# Input data:

☆ ☆ ☆

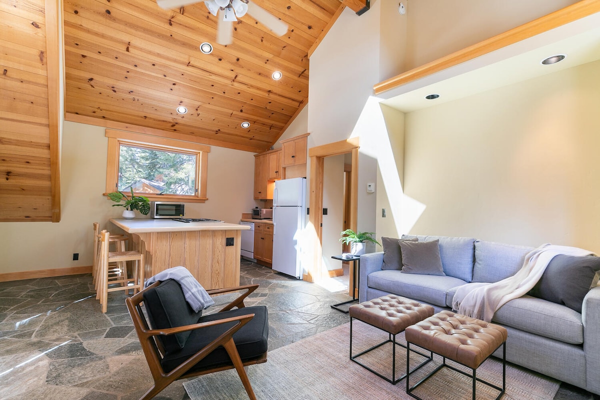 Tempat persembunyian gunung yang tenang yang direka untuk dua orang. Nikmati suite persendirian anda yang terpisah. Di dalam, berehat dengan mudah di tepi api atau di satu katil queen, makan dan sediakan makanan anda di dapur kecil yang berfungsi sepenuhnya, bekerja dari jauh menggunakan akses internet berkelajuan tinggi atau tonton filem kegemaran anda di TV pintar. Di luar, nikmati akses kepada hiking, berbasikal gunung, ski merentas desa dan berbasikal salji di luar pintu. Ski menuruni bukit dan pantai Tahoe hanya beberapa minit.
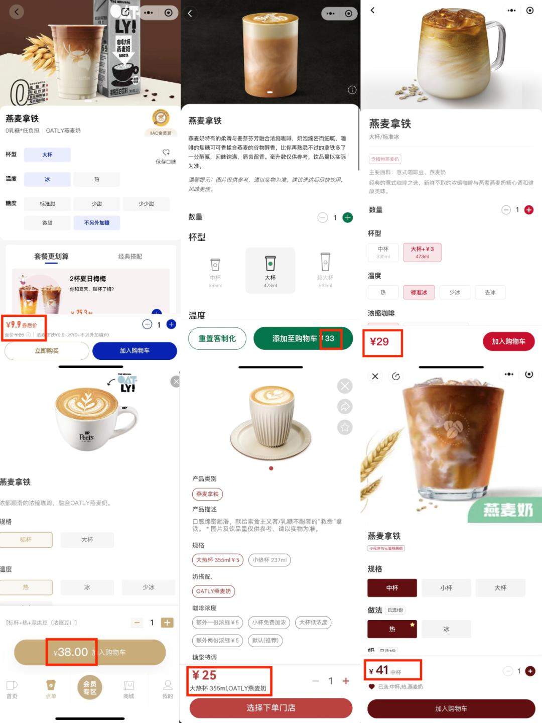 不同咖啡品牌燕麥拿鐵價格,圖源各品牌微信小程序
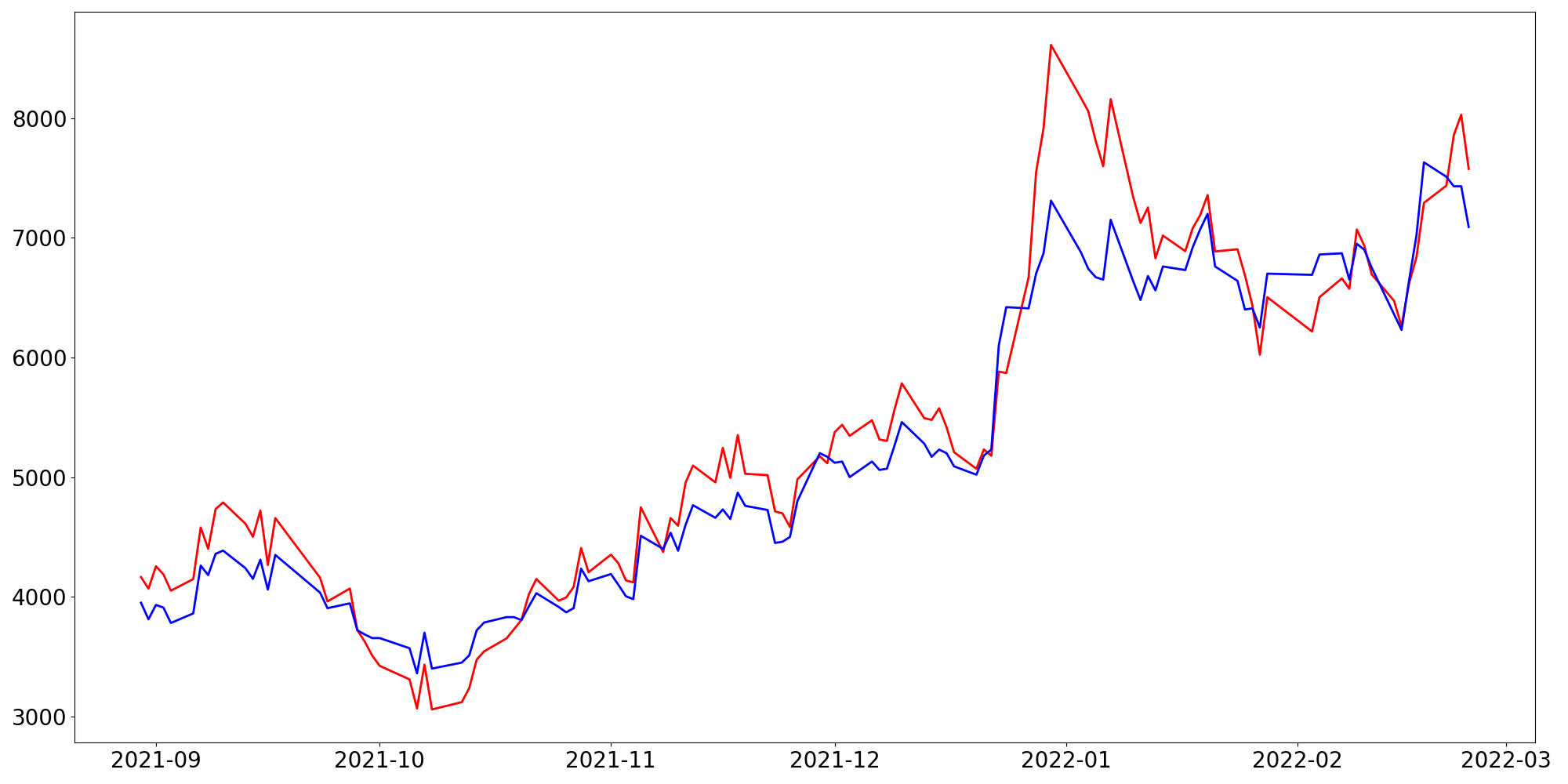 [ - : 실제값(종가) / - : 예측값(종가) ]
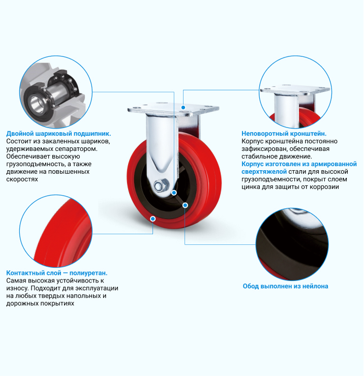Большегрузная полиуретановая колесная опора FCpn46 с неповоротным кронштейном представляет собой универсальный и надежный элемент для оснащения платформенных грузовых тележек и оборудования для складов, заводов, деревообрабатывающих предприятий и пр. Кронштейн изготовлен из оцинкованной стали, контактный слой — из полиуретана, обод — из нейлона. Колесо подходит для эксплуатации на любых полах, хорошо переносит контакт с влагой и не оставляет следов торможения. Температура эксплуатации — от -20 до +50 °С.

☆ ☆ ☆

# Work request:
Repeat the material above exactly; any picture in it is left out.

# Answer space:
 Tempat persembunyian gunung yang tenang yang direka untuk dua orang. Nikmati suite persendirian anda yang terpisah. Di dalam, berehat dengan mudah di tepi api atau di satu katil queen, makan dan sediakan makanan anda di dapur kecil yang berfungsi sepenuhnya, bekerja dari jauh menggunakan akses internet berkelajuan tinggi atau tonton filem kegemaran anda di TV pintar. Di luar, nikmati akses kepada hiking, berbasikal gunung, ski merentas desa dan berbasikal salji di luar pintu. Ski menuruni bukit dan pantai Tahoe hanya beberapa minit.
 不同咖啡品牌燕麥拿鐵價格,圖源各品牌微信小程序
 [ - : 실제값(종가) / - : 예측값(종가) ]
Большегрузная полиуретановая колесная опора FCpn46 с неповоротным кронштейном представляет собой универсальный и надежный элемент для оснащения платформенных грузовых тележек и оборудования для складов, заводов, деревообрабатывающих предприятий и пр. Кронштейн изготовлен из оцинкованной стали, контактный слой — из полиуретана, обод — из нейлона. Колесо подходит для эксплуатации на любых полах, хорошо переносит контакт с влагой и не оставляет следов торможения. Температура эксплуатации — от -20 до +50 °С.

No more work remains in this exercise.